Когда отец исчез, вместе с ним исчез и сон. По утрам я еле тащилась в школу, слыша гул в ушах и зевая до изнеможения. На светофоре стояли автомобили, в которых мамы и папы везли ребят в школу, кто-то шел в пекарню за булочками, взрослые прощались с детьми на школьном дворе; родители воспринимали разлуку как некую разновидность аскезы. «Встретимся в час, мы расстаемся всего на чуть-чуть», — повторяли они. В ту же игру со мной играл отец, когда я училась в начальных классах. В те времена я твердо знала, что после звонка, возвещающего об окончании занятий, встречу отца снаружи, он будет стоять, держа одну руку в кармане и нервно барабаня пальцами другой по бедру. Знакомые здоровались с ним, отец оглядывался, отвечал на приветствия, снова поворачивался лицом к школьному крыльцу, ловил мой взгляд, снимал ранец с моих плеч и перевешивал на свои. У меня словно вырастала пара крыльев, и всю дорогу до дома я прикрывала ими спину.
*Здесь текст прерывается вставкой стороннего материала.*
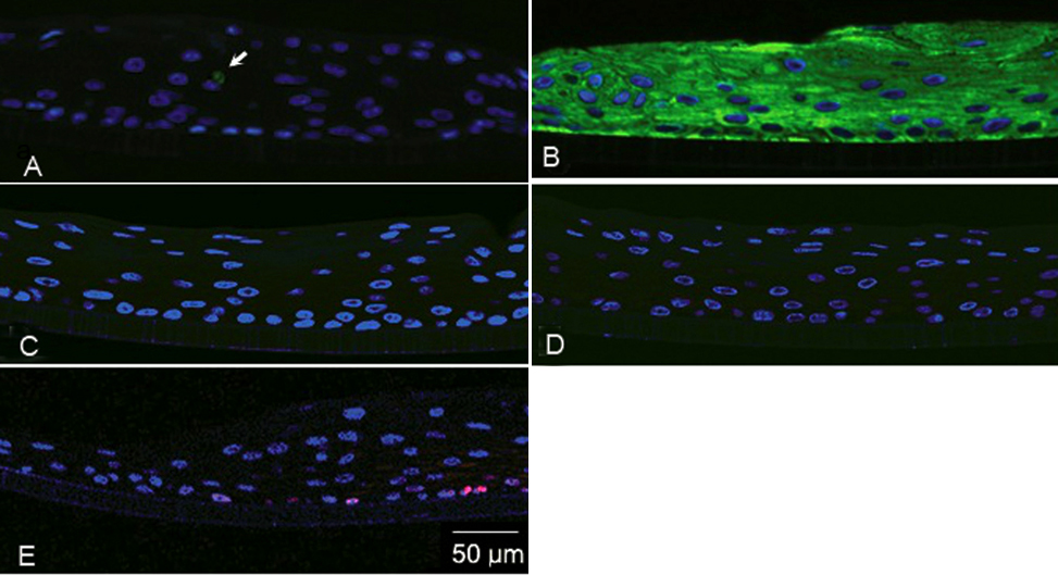 Figure 1. Immunohistochemical examinations of the cultivated human conjunctival epithelia (CjE) equivalent. The cultivated human CjE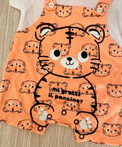 Pagliaccetto neonato/bambino in cotone, di colore arancio fluo e nero, con dettaglio di finte bretelle.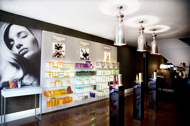 从悬挂于洗发区的施华洛世奇水晶到大面积使用的具有金属质感的植绒墙纸,这家美发沙龙具有丰富的内在表现。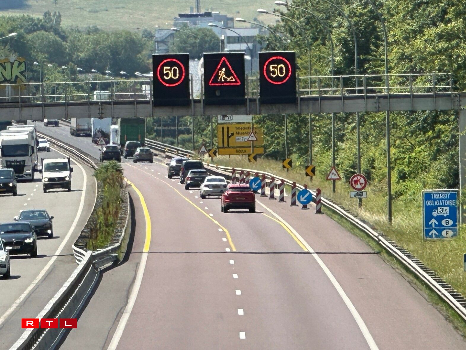 Fir sou ee Joint anzebauen, brauch een déi ganz Breet vun der Bréck. Bei der Sanéierung gëtt eng Säit vun der Bréck zou gemaach. Den Trafic leeft da bidirektional, also eespuereg. De ganze Projet soll awer nach virum Enn vun der Summervakanz fäerdeg sinn. D’Vitess ass op dëser Plaz och reduzéiert ginn. Muss een dann elo mat Stau rechnen, Fritz de Oliveira, Chef de la Division des Ouvrages d’Art?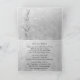 Vacker silver bröllopsdag inbjudan med en blomsterdamask bakgrund. Framområdet visar en elegant Calla Lily-kant och är redo att rama in din uppladdade bild som kommer att ersätta denna fotomall. Silver 25-årsjubileum textkonst och falskt glitter ger en perfekt accent. Anpassa den främre texten och baksidans textområden med din information.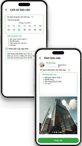 Nhà thầu có thể kiểm tra, xem lịch sử báo cáo và phản hồi với tiến độ làm việc của các tổ đội bên dướiTuyển dụng lao động địa phương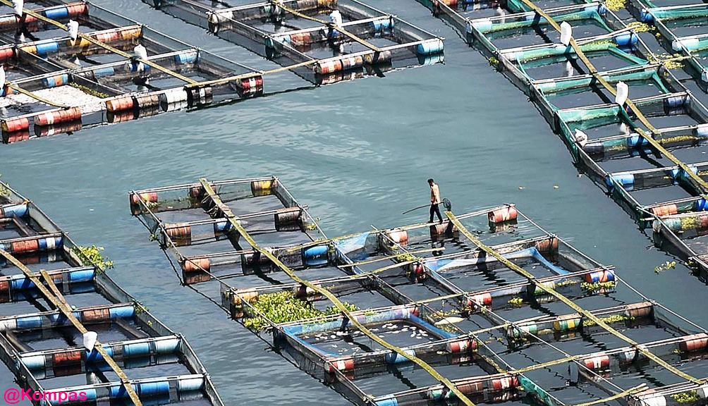 | Metode Budidaya Ikan di Danau dengan Keramba Jaring Apung. |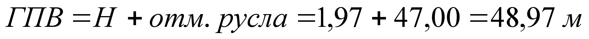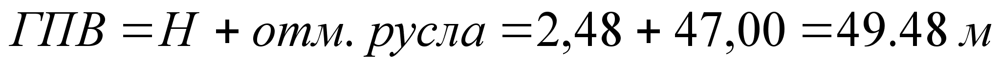 4.3 Определение горизонта подпертых вод, Горизонт подпертых вод (ГПВ) у малого моста можно найти как сумму напора воды перед мостом и отметки русла лотка. Тогда значение ГПВ будет равно:

Спустя недолгое время после ухода отец (его запах тогда еще не выветрился из родительской постели) впервые приснился мне, причем дважды за одну ночь. В первом сновидении он поднялся по водосточной трубе, перелез через парапет кухонного балкона и замер по ту сторону застекленной двери. Отец предстал передо мной растрепанным, в пижаме; должно быть, он только что встал с кровати в другом доме, из которого сбежал со светом раскаяния в глазах. Я распахнула балконные двери, вдохнула утренний воздух. «Впусти меня», — попросил отец. Я закричала и проснулась. Мать спала в помещении, которое недавно было их с отцом общей спальней, и делала вид, будто ничего не слышит. Повертевшись с боку на бок, я снова уснула, и папа снова явился мне. Его тело болталось на веревке, привязанной к перилам, ноги судорожно дергались. Он выглядел как висельник, которого мы столько раз рисовали в послеобеденные часы. Правила той игры гласили: либо назови загаданное слово, либо умри. Отец в моем сновидении задыхался и что-то лепетал, прося меня то ли помочь, то ли не мешать. Я открыла глаза, отвела со лба взмокшие волосы, мне стало страшно, что, вздернутая на виселице своей бессонницы, я не смогу больше дышать. За окном было темно, но для меня ночь уже закончилась.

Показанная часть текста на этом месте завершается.